I usually give my babies a few pieces of Purebites (Freeze dried) Shrimp, Chicken, or Fish flavor every morning. I recently sent away for free samples of Whole Life freeze dried Turkey, Chicken, Cod, Lamb etc. for dogs and cats. So far I've only given my cats the turkey treats which only one of my cats appreciates. I think it's great that they send an entire box of samples because cats can be quite picky. Once I know which flavors they both love, I may buy them online. The free samples come with a card with a discount code for future online purchases. You can request free samples at www.wholelifepets.com by sending them an e-mail under "contact us". They responded promptly and I received the samples about two weeks later.


----------



## Sinatra-Butters (Aug 9, 2010)

Sinatra gets "Temptations" beef flavor twice a day- four or five pieces.


----------



## Straysmommy (Dec 23, 2010)

Thank you all so far! More, please!

I think it's time to change Midnight's name to Prince...for his lifestyle, I mean.


----------



## Digikid (Feb 27, 2011)

I use Temptation Naturals Salmon and Trout. Benny seems to go NUTS over them. 2 pieces a day.


----------



## Time Bandit (Aug 17, 2010)

For treats I have Drs. Foster and Smith 100% Freeze Dried Salmon Fishies, Drs. Foster and Smith 100% Tuna Flakes, and EVO Wild Cravings. Each girl gets a few pieces per day, after I get home from work. I rotate out the treats every day, so each day they get a different treat for variety. I also use the Tuna Flakes to sprinkle on top of food if someone is being fussy at a meal, and the EVO treats are also used in training.

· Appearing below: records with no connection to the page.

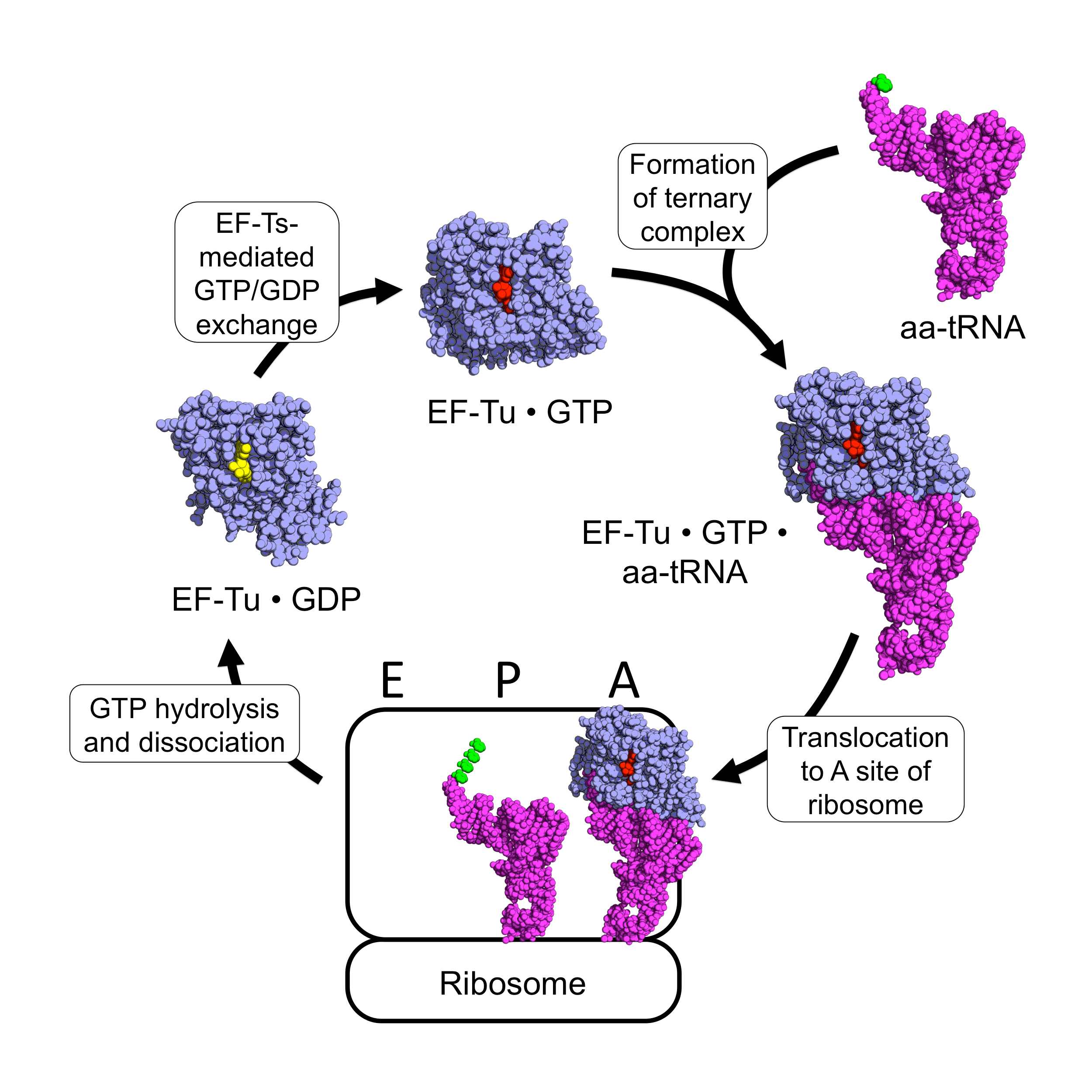 EF-Tu는 단백질 생합성의 폴리펩타이드 신장 과정에 참여한다. 원핵생물에서 EF-Tu의 주요 기능은 올바른 아미노아실-tRNA (aa-tRNA)를 리보솜의 A 부위로 수송하는 것이다. EF-Tu는 G 단백질로서, 구아노신 삼인산(GTP)를 사용하여 그 기능을 수행한다.[48] 리보솜 밖에서 GTP와 결합한 EF-Tu (EF-Tu • GTP)는 aa-tRNA와 결합하여 안정한 EF-Tu • GTP • aa-tRNA 3원 복합체를 형성한다.[8]
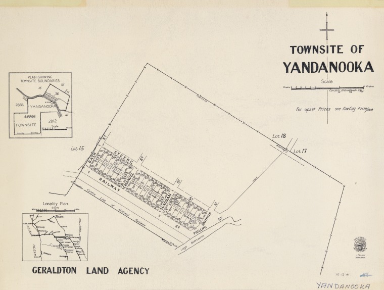 - State Library of Western Australia, n.d. Townsite of Yandanooka: Western Australia Department of Lands and Surveys. 1919. Cartographic material. Retrieved on 29 Nov 2025 from https://encore.slwa.wa.gov.au/iii/encore/record/C__Rb1989976?lang=eng ↩︎
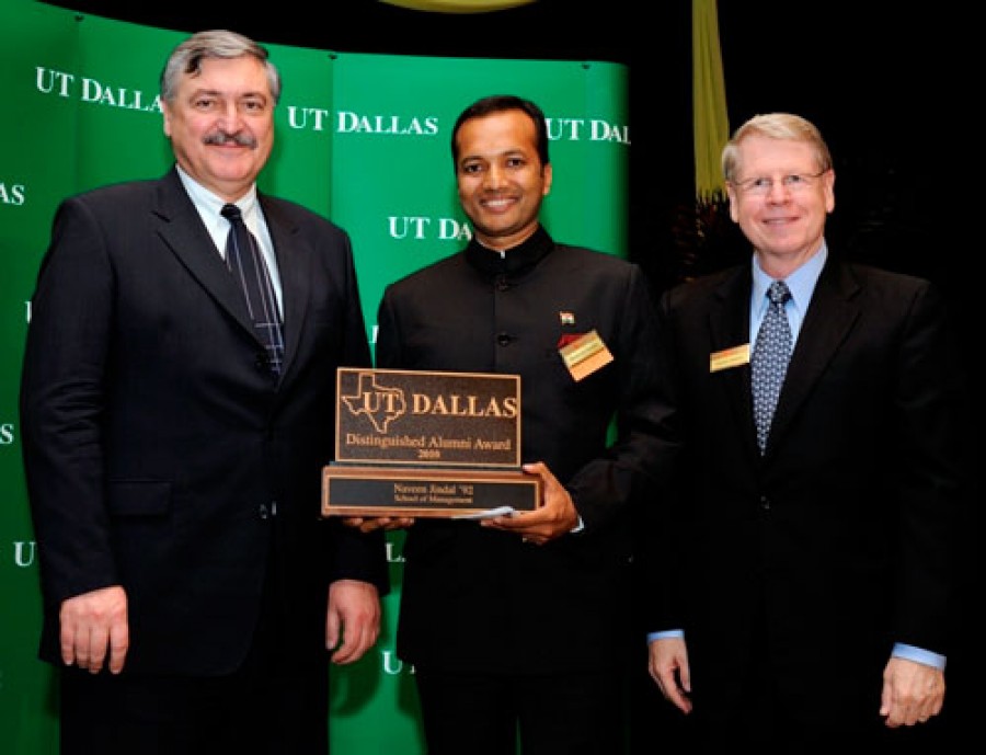 नई दिल्ली। जिंदल स्टील एंड पावर लिमिटेड के कार्यकारी उपाध्यक्ष एवं प्रबंधक निदेशक नवीन जिंदल को एक रंगारंग समारोह में अमेरीका की यूनिवर्सिटी ऑफ टेक्सास डालस ने विशिष्ट ऐल्युमिनाए 2010 पुरस्कार से सम्मानित किया। यह सम्मान उन्हें जन सेवा में उनके योगदान, ज़िम्मेदार कार्पोरेट नागरिक और अपनी कंपनी को वैश्विक स्तर पर पहुंचाने में उसका मार्गदर्शन करने के लिए दिया गया है। नवीन जिंदल भारतीय संसद के सदस्य भी हैं।
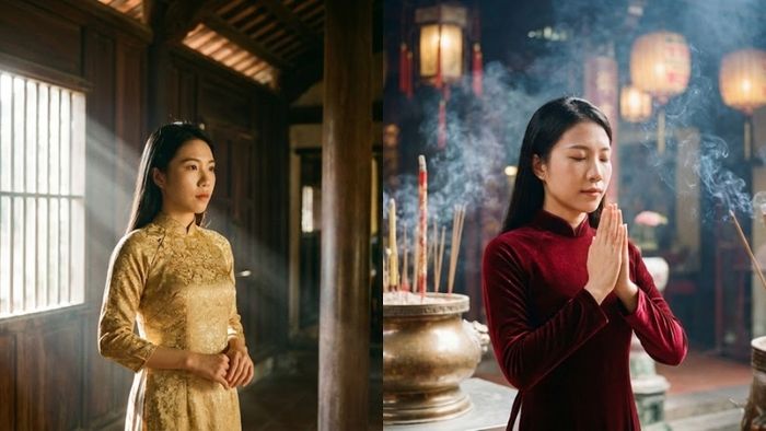 Bức ảnh ghi lại khoảnh khắc linh thiêng và trang nghiêm. Cô gái (giữ nguyên khuôn mặt ảnh gốc 100%) chắp tay thành tâm cầu nguyện trong một ngôi chùa cổ kính. Áo dài đỏ nhung kín đáo. Không gian bao quanh là làn khói hương trầm bảng lảng và ánh sáng vàng ấm từ hàng trăm chiếc đèn lồng. Ảnh có độ tương phản hài hòa, tập trung thể hiện cảm xúc an yên và niềm hy vọng đầu năm mới.
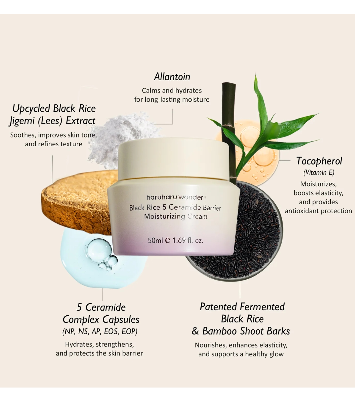 Profitez d'un soin du visage luxueux avec cette crème hydratante pour le visage Black Rice 5 Ceramide Barrier de Haruharu Wonder enrichie en capsules de céramide qui renforcent la barrière cutanée et procurent une hydratation intense et durable.

I still have some Purina Whisker Lickin's too, because the girls go nutso for the Chicken and Cheese flavor.


----------



## Xanti (Nov 4, 2008)

yep, Monty loves Temptations too..any flavour. He goes nuts for them..pretending to be all love dovey until he gets hold of them and can walk away with a 'dont talk to me' attitude again


----------



## Sinatra-Butters (Aug 9, 2010)

Xanti said:


> yep, Monty loves Temptations too..any flavour. He goes nuts for them..pretending to be all love dovey until he gets hold of them and can walk away with a 'dont talk to me' attitude again



Funny...Sinatra does the same thing!! Except he goes CRAZY for the beef flavor.


----------



## yellowdaisies (Jan 25, 2011)

Spencer won't eat treats of any kind, but he will drink Cat Sip. They both get a couple squirts of this every few days. 

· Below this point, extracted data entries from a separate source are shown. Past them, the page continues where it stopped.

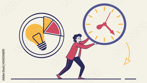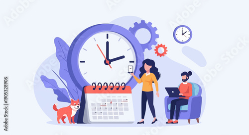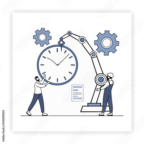 Time is up concept vector flat style design illustration. Tiny characters business people trying to turn back hands of huge clock. Time management concept for web banner, website page etc.
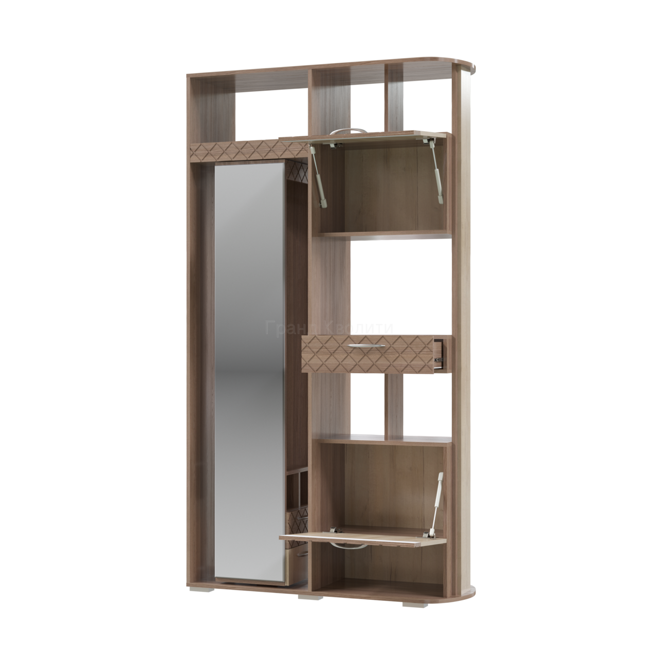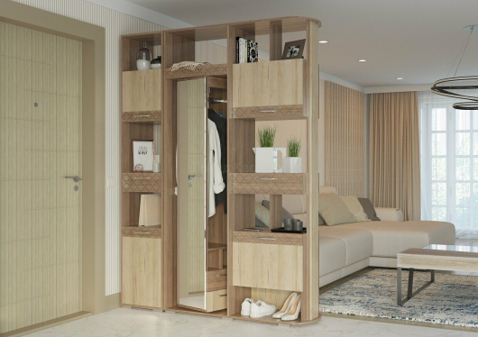 - прихожая-перегородка пенал Верта 2-3508 - Ш410 х Г450 х В2200 мм.Прихожая-перегородка Верта станет настоящей находкой для зонирования открытого помещения или компактной квартиры-студио. Изделие отделит коридор, а также предоставит место для размещения верхней одежды, головных уборов, обуви и различных аксессуаров. Прихожая оборудована поворотным механизмом с зеркалом, выдвижными ящиками, открытыми полками и специальными секциями для хранения вещей.
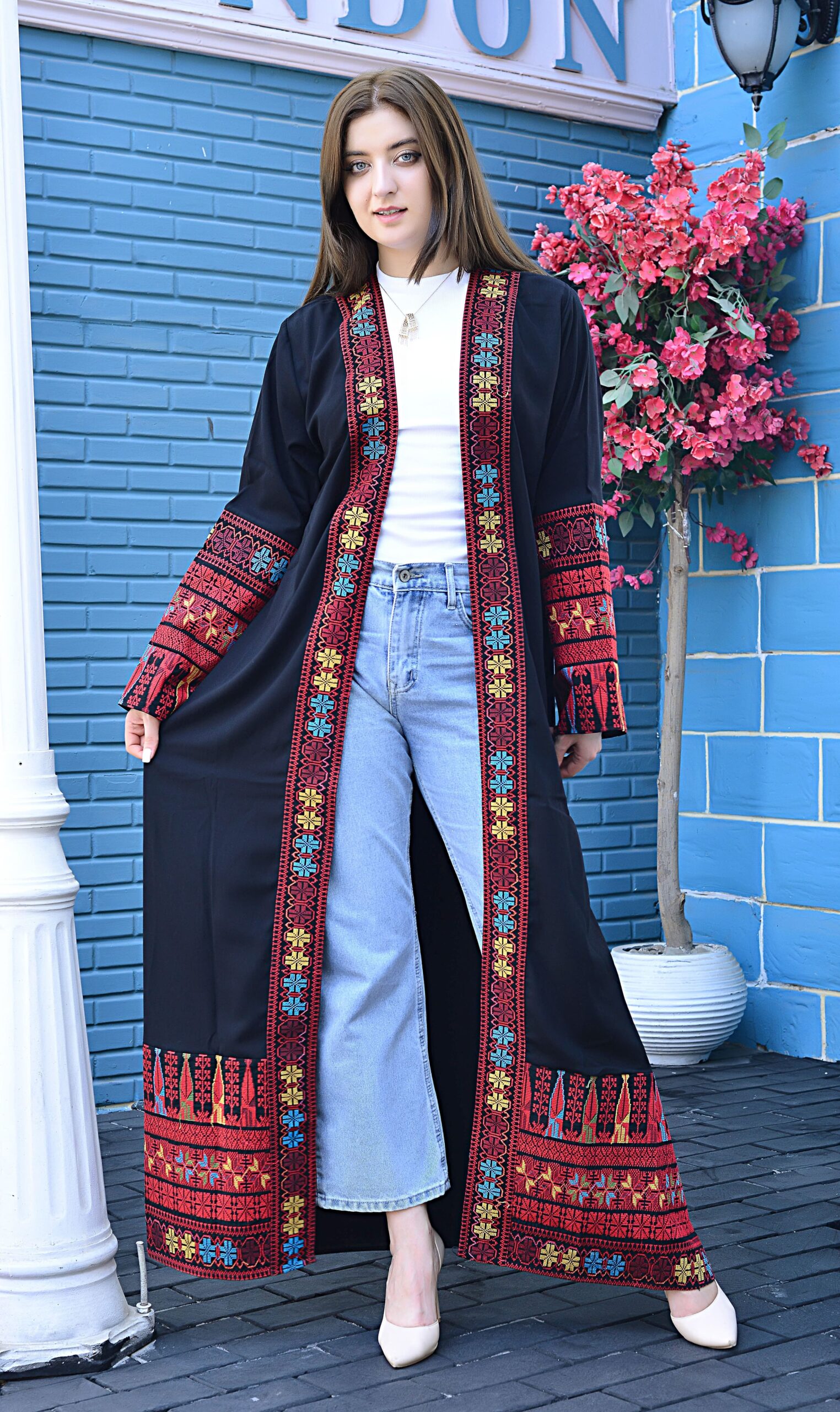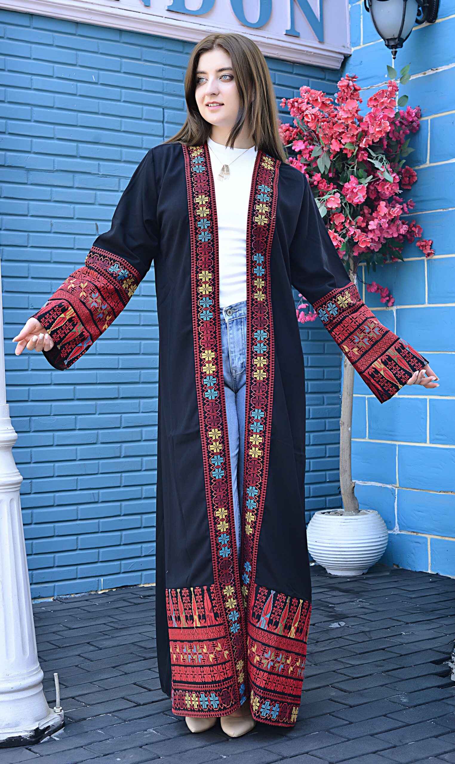 • Design: Full embroidery on the sleeves, front hem, and bottom of the abaya, making it a unique and eye-catching piece.
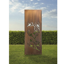 Beau paravent en métal de qualité supérieure. Présente un motif naturel d'oiseaux et peut être planté directement dans le sol du jardin grâce à ses pieds pointus.
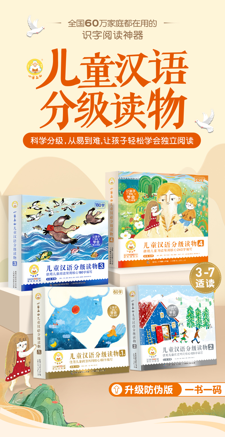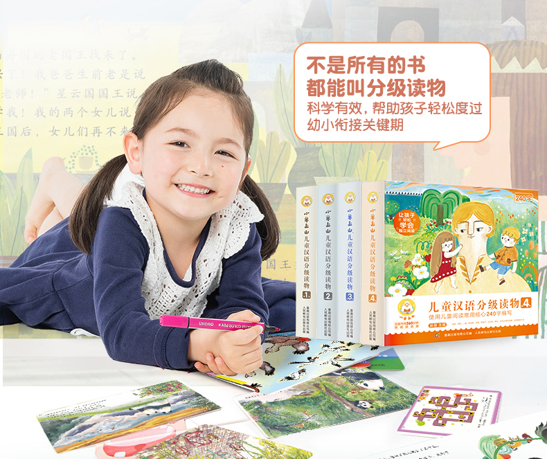 Ø 很强的专业性:真正零起点,孩子认240个汉字就可以读前4级40个故事,认识十几个汉字就可以实现“整体认读”;用生活、学习中的常用汉字来设定各级字表,与小学语文课本相衔接;各级之间上升坡度小,读中“熟字”夹生字,认字压力小,方法巧妙有趣。
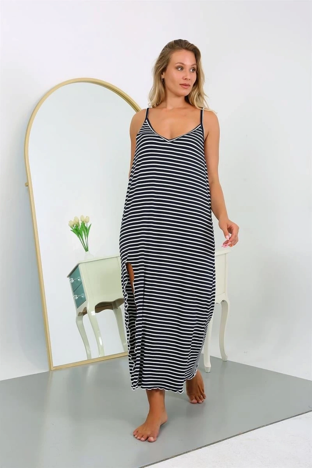 Kadın Pamuklu İp Askılı Büyük Beden Gecelik

Lily LOVES freeze dried salmon (Halo Liv A Littles), and she also likes Pure Bites chicken and Wellness jerky treats. The salmon needs to be refrigerated, so EVERY TIME someone opens the fridge, she comes running and gazes up at us expectantly, sometimes offering a tiny pathetic "mew." Such a manipulator. It usually works on me...she gets a few treats a day, in different varieties.


----------



## tigressbythetail (Dec 1, 2010)

All the bratz love Pounce, but I recently discovered Dr. Foster's Freeze dried chicken liver. Layla would stick her whole head in the tub and gobble them if I let her. Now she turns her nose up at Pounce. I use the treats whenever I want them to come to me for whatever reason. I can be in another part of the house and shake the container and Layla will come running full speed. It's especially handy when one of them is outside and I want them to come in. I probably give out four pieces at a time.


----------



## catnapped (Nov 11, 2010)

All Genie will eat are basically treats anyway. But she does really adore the extra-crappy snacks actually marketed as treats by the local supermarket chain. I only give them to her the odd time to experience the joy of her little fuzzy chin gobbling from my hand.


----------



## Bella1623 (Apr 1, 2011)

Mine absolutely LOVE the temptations. I have to make sure to keep the bag in a drawer because if it's anywhere else they will get ahold of it and tear open the bag and eat them! I give them about 4 each about once a day or whenever they ask for it


----------



## Maggie the Cat (Mar 13, 2011)

Temptations or Pounce, unless I'm feeling generous and give a tidbit of people food (turkey, ham, tuna, or chicken). My old cat knew the drawer the treats were in and would trot over to it and rub his face on the edge of the cabinet until someone gave in. The cabinet edge in that spot has a worn spot on the paint, makes me remember my kittypoo when I see it nekitty.... Maggie has yet to come up with her gimmick for begging for treats, lol.


----------



## lovetimesfour (Dec 1, 2010)

I don't use commercial treats. I use high quality kibble as snacks and for Chase The Kibble Game. The only "treats" they get is chicken I have cooked myself, and that only once or twice a week (I keep some in the freezer all the time)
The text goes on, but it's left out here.